Fungal ITS Amplicon Analysis Workflow

This section outlines the workflow required to analyse amplicon sequences of the internal transcribed spacer (ITS) region located between the small and large rRNA subunits to produce Amplicon Sequence Variant (ASV) information for the Australian microbiome Initiative. Amplicons are derived from primers targeting the fungal ITS1 and ITS4 regions (ITS1F and ITS4).
Analysis is completed on a per sequencing run (sequencing plate) basis.
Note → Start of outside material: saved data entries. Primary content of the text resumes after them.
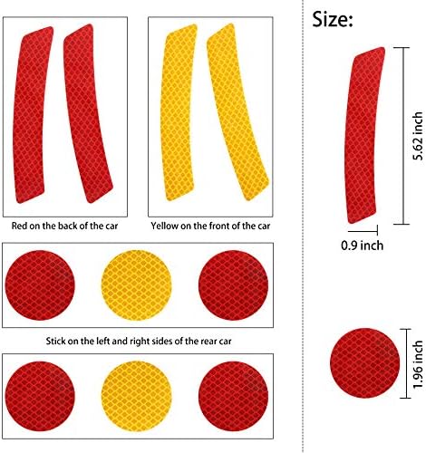 Include: yellow(2)/red(4) round reflectors 1.96″diameter + yellow/red 2 rectangle reflectors 5.62″L x 0.9″W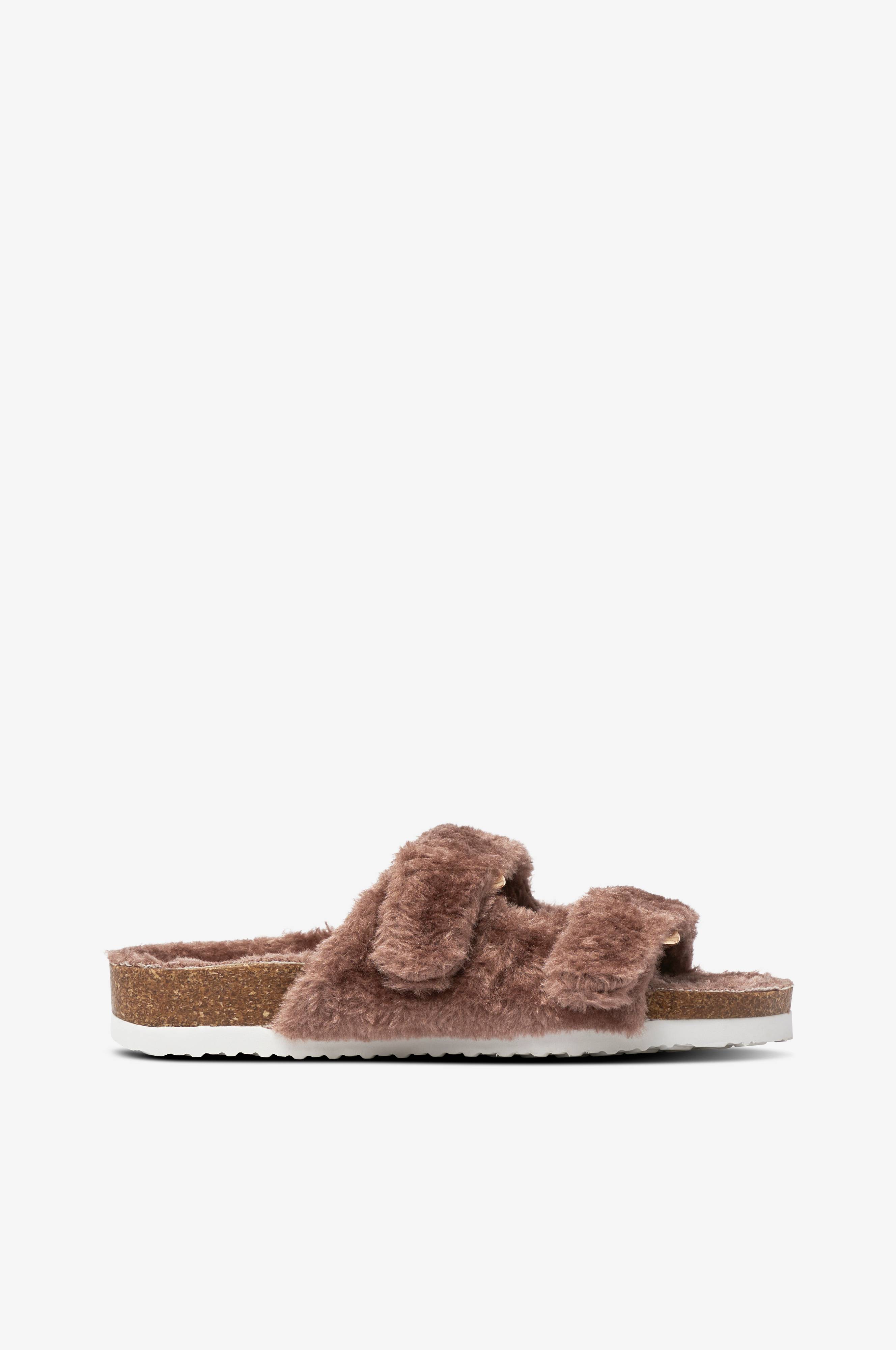 Tofflor i mjuk fuskpäls med justerbara remmar med kardborre och guldfärgat spänne. Mellansula i korklook och yttersula i EVA.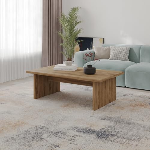 Scandinavian Rectangular Coffee Table 120×70×40 cm with Soft Corner Edges & Flat-Panel Legs | Spacious Centre Table Top for Living Room | Easy Assembly | 2-Year Guarantee (Whiskey Oak)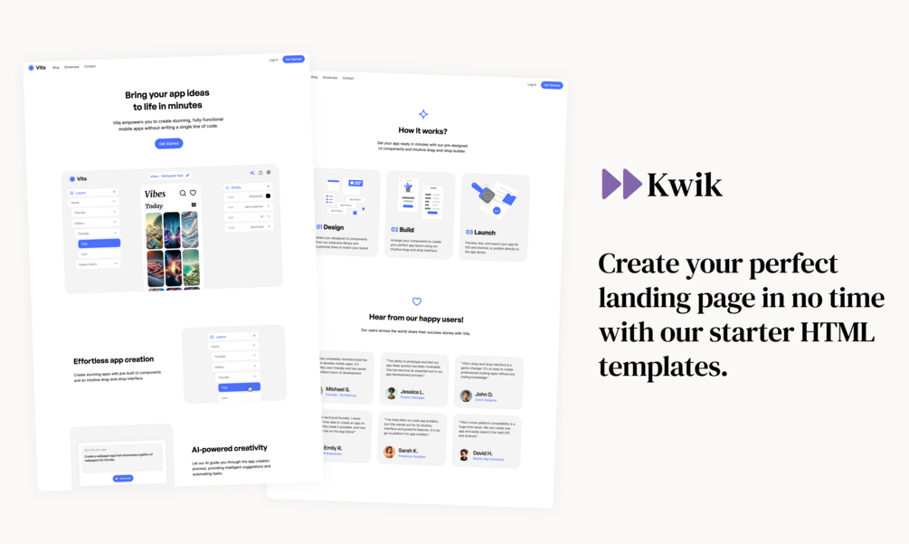 Download this free sample of the minimal HTML template from the Kwik starter pack. It's clean, responsive, and perfect for quick projects or as a base for customization. Get a taste of what the full version offers. Unlock the full version at kwik.website to get the rest of the pack which includes: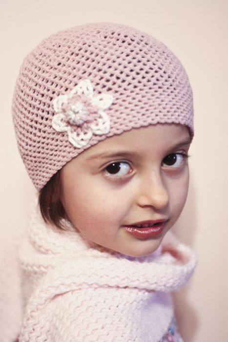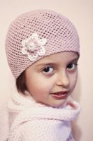 Bascuta crosetata din bumbac roz-mov cu floricica crosetata aplicata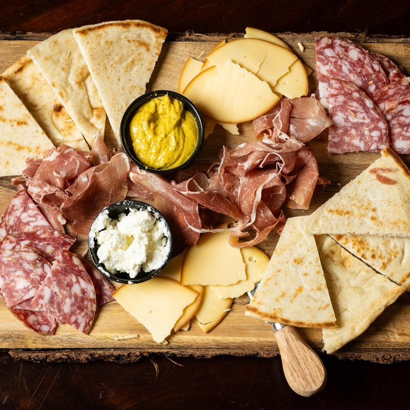 Choice of meats and cheeses served with Castelvetrano olives, toasted pita wedges, and spicy mustard. Ask your server for current selections.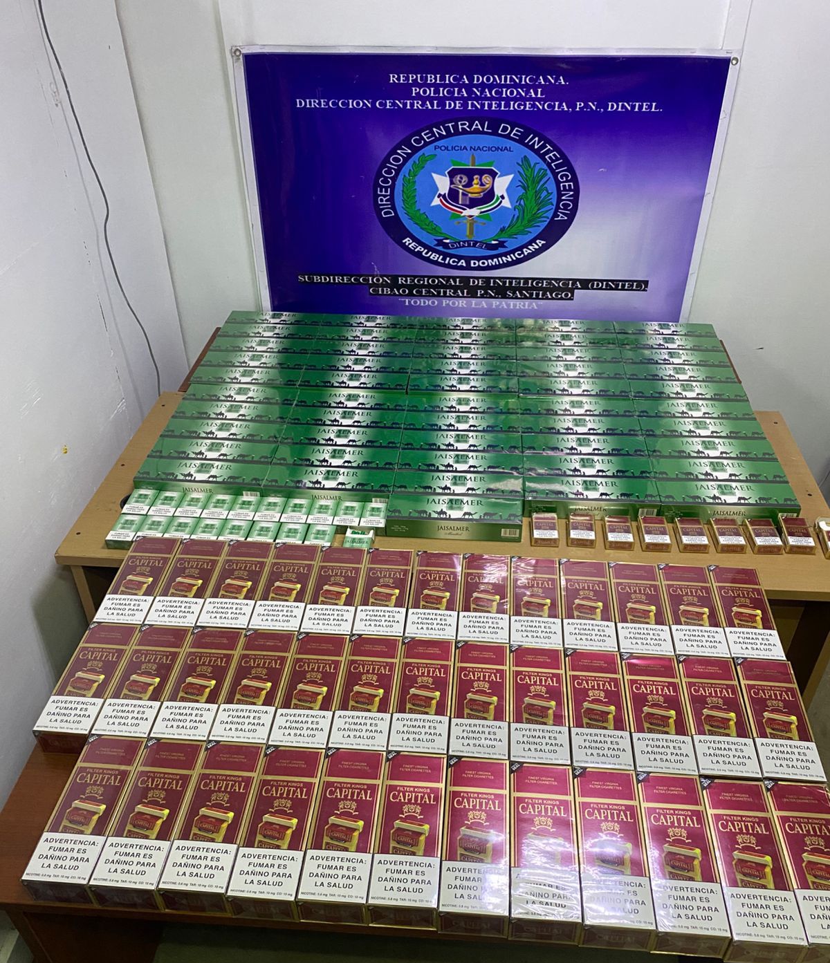 Asimismo, fueron confiscadas 18,338 unidades de cigarrillos de distintas marcas, las cuales eran comercializadas de manera irregular, junto a 380 unidades adicionales encontradas en otro de los allanamientos.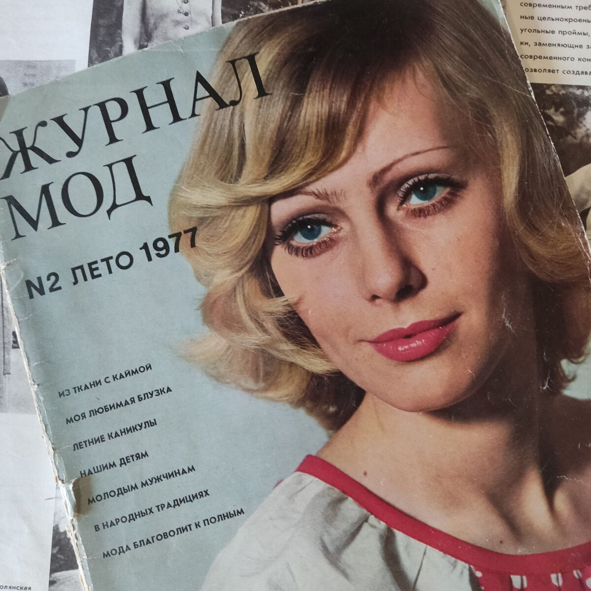 Продолжаю разбирать свои сокровища с балкона. Этот журнал «приехал» сюда скорее всего из поселка. У бабушки было много интересных журналов. Некоторые переехали сюда, наверное их привезла мама. Интересные были модели. Похожие можно и сейчас найти на маркетплейсах. Мне стали нравится такие платья. Если вы думали, что журнал черно-белый, то – нет! Очень яркий и интересный, много фото, которые вдохновляли наших мам и бабушек. А сейчас молодежь тоже носит вырез «каре» и рукава-фонарики. Статей в журнале мало, в основном фото. Но в этом есть две интересные статьи о тканях. Вот первая: Интересно почитать. Я люблю ткани. Бабушка привезла из поселка такие красивые отрезы! Хранились они конечно же с кусочками мыла, и пахнуть так приятно! Это запах из детства. Напишите в комментариях, показать бабушкины ткани? И хотя больше привлекают вот такие яркие фото, все-таки самая большая ценность этих журналов для меня когда-то было приложение с выкройками, схемами, мастер-классами (как это бы называлось

The workflow consists of the following stages:

 A] Sequence preparation and merging
1. Convert fastq file format to fasta file format
2. Identify and isolate putative fungal ITS1 and ITS2 regions from R1 and R2 reads
3. Add sampleID, runID and "sample=" information to the sequence headers
4. Concatenate all sequences per sequencing run into a single file
B] Sequence analysis
1. Quality screening, zotu/ASV calling and sequence mapping
2. Classify and remove flipped sequences
3. Replace arbitrary ASV ID's with the sequence itself in the table index
C] Following analysis, all data is combined to give a single dataset, by the following steps:
1. Merge tables into a single table
2. Remove controls from the abundance tables, to create separate samples and control datasets
3. Make a fasta from the abundance table
4. Classify Sequences

Software Required

The following software is used in the steps below:

 1. ITSx (Bengtsson-Palme et al., 2013)
2. Mothur (Schloss, et al., 2009)
3. USEARCH (Edgar 2010)
4. Seqtk (https://github.com/lh3/seqtk)
5. Fastx (http://hannonlab.cshl.edu/fastx_toolkit/)
6. Python3.X

A] Sequence preparation and merging

Identify and isolate ITS1 and ITS2 regions

Illumina fastq R1 and R2 files are first converted to fasta file format using SeqTk. In addition, SeqTk is used to generate the reverse complement of R2 reads.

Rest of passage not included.